Engenharia de proteínas por exibição de superfície de levedura

No meu laboratório, estamos projetando terapias celulares de próxima geração, combinando engenharia de proteínas com engenharia celular. Então, projetamos componentes de proteínas para obter novas funções ou melhorar as existentes e, em seguida, incorporamos essas proteínas nulas na terapêutica celular. Desenvolvemos ainda mais a exibição de superfície de uso para aplicações especializadas, incluindo engenharia de estabilidade de proteínas, engenharia de interruptores de proteínas reguladas por moléculas pequenas e direcionamento específico de confirmações de receptores ativados associados ao câncer.

A vantagem da exibição da superfície da levedura em comparação com outras tecnologias de exibição, como exibição de fagos ou ribossomos, é a visualização da citometria de fluxo da biblioteca durante o processo de classificação e o controle preciso das condições de seleção, como concentração de antígeno e rigor da porta de classificação. Para começar, prepare as esferas para a primeira seleção de contas ressuspendendo 10 microlitros de esferas magnéticas de aglutinante de biotina em 990 microlitros de PBSA. Para lavar, coloque o tubo em um rack magnético por dois minutos com a tampa aberta.

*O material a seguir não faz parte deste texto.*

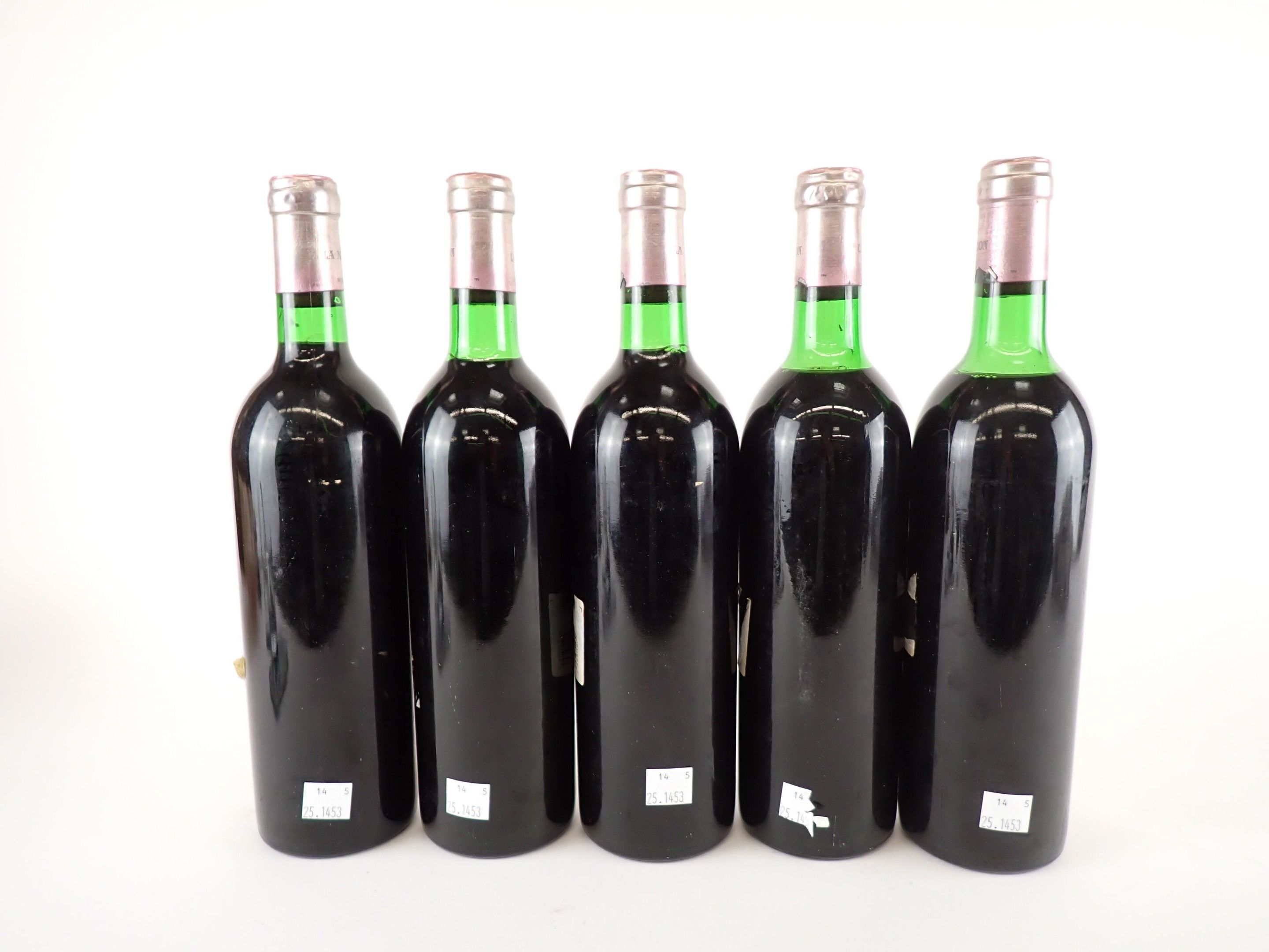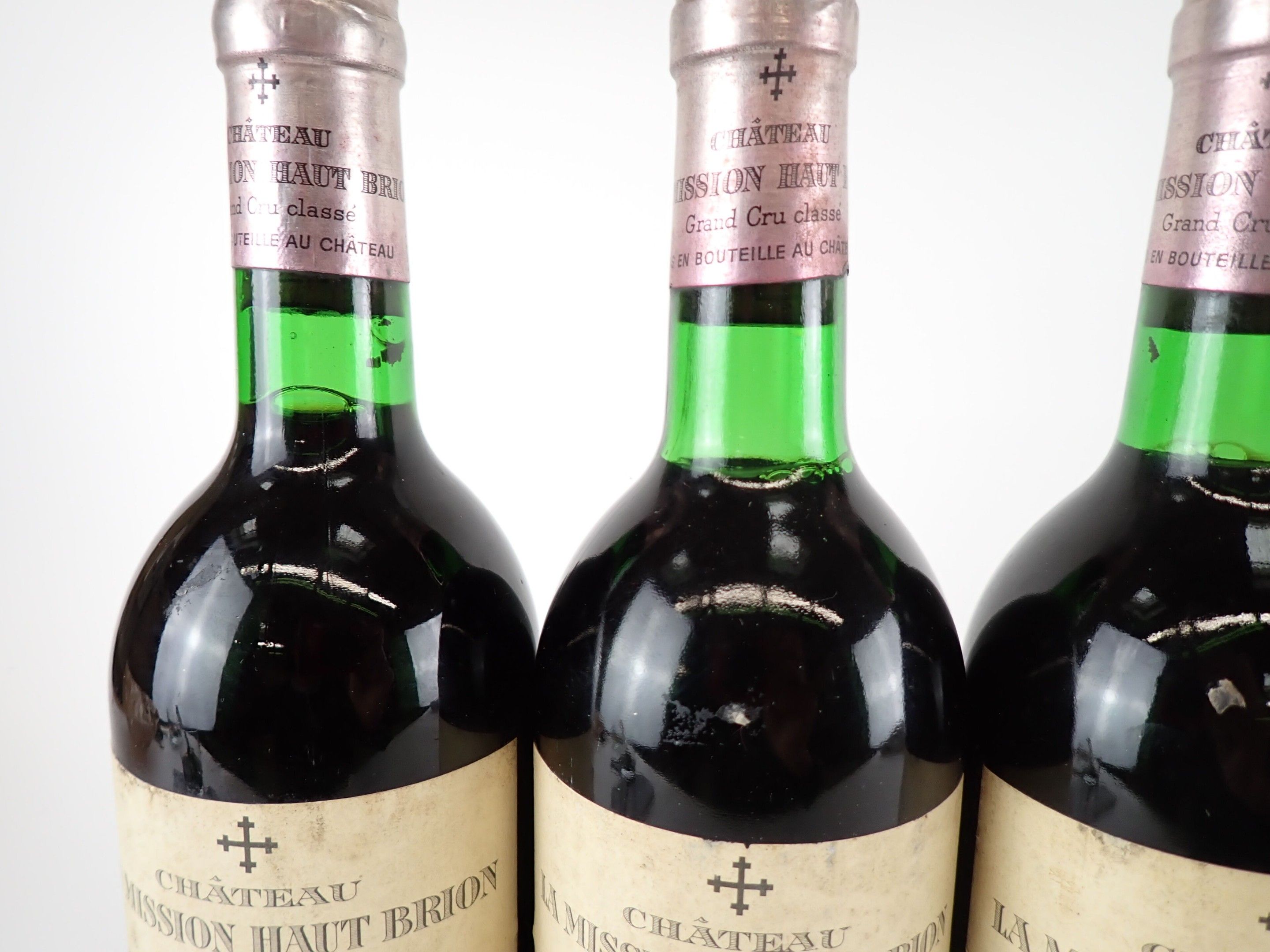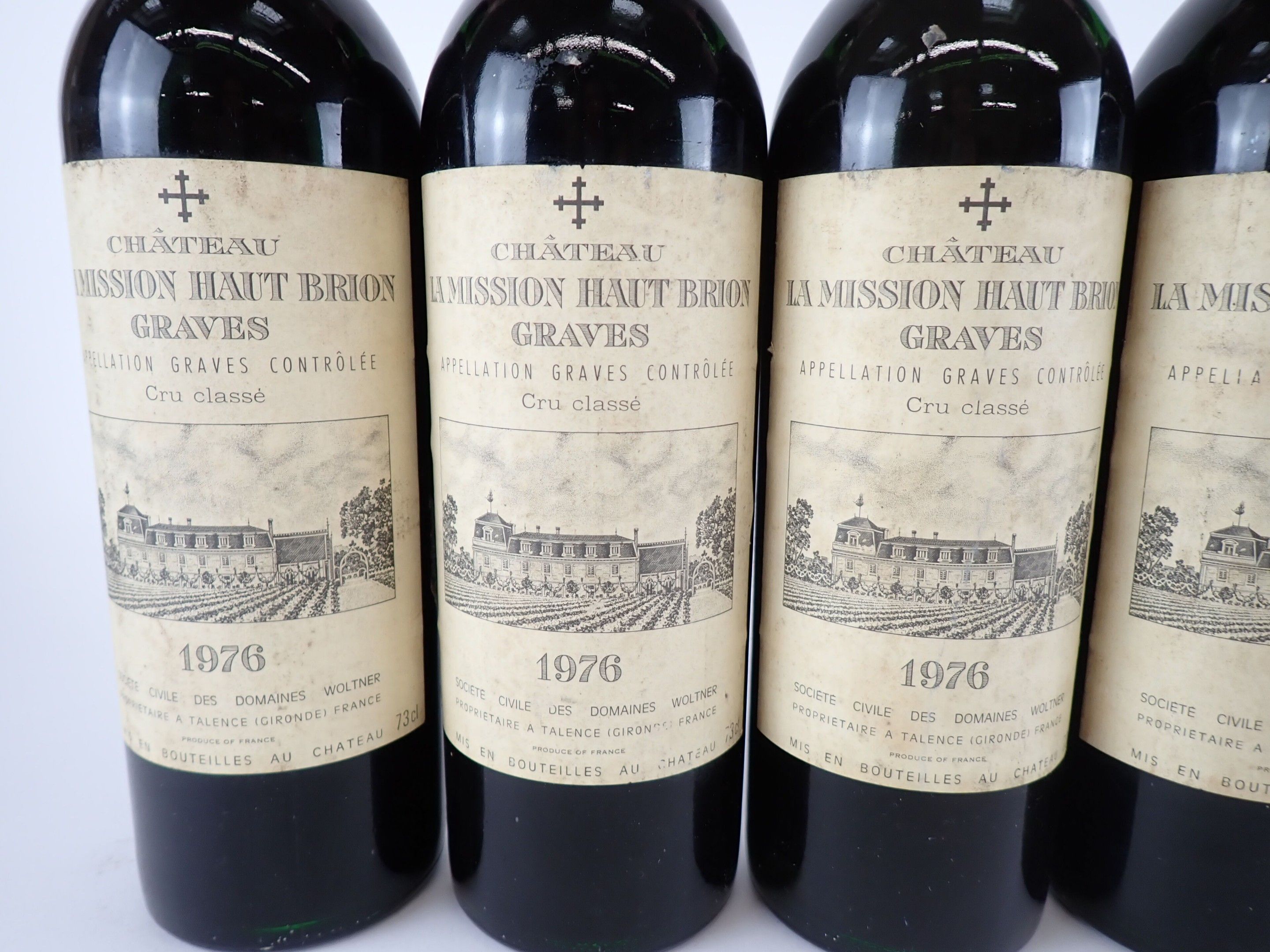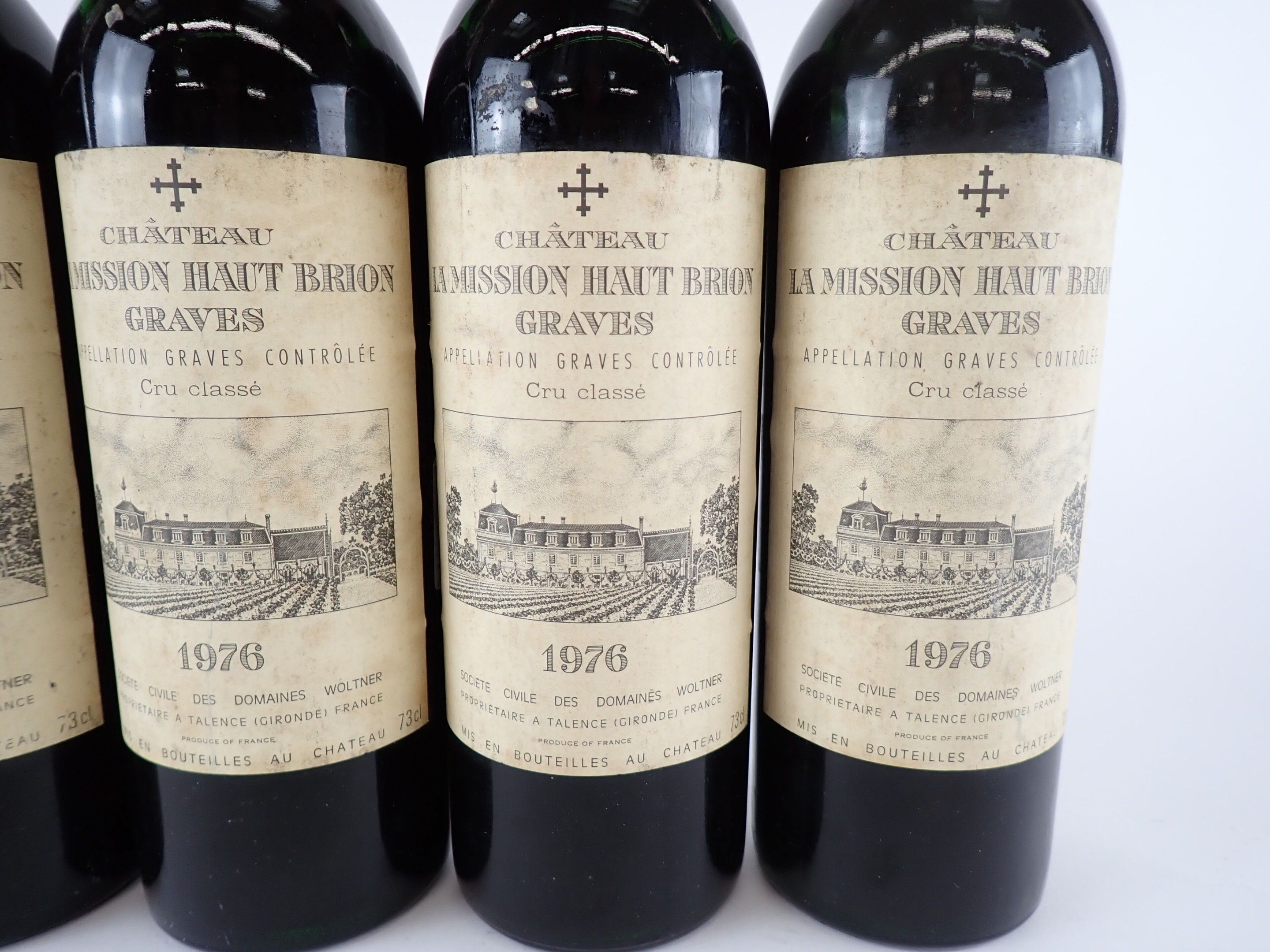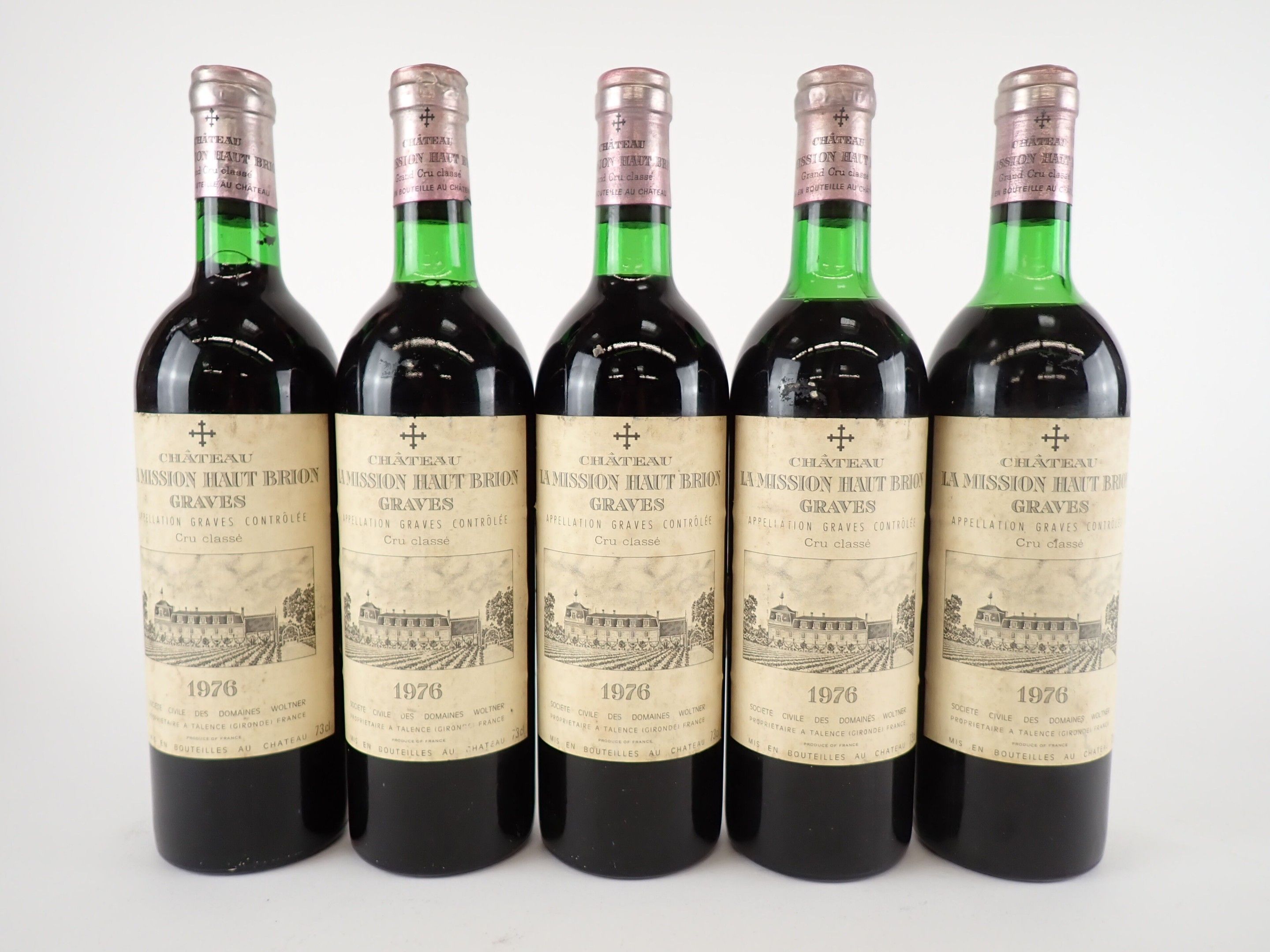 BORDEAUX - 5 bottles, Graves, Château La Mission Haut-Brion, Grand Cru Classé, 1976. 1 BG, 1 BG (-), 1 HE (+) and 1 HE. Capsules with traces, three of which have a small tear at the bottom of the skirt. Slightly dirty labels.

Em seguida, remova cuidadosamente o sobrenadante. Ressuspenda as esferas lavadas em um tubo de microcentrífuga de 1,5 mililitro em um mililitro de PBSA com 6,7 a 33 picomoles de antígeno biotinilado. Após a incubação, coloque o tubo em um rack magnético por dois minutos com a tampa aberta, remova o sobrenadante e lave as esferas carregadas de antígeno com um mililitro de PBSA.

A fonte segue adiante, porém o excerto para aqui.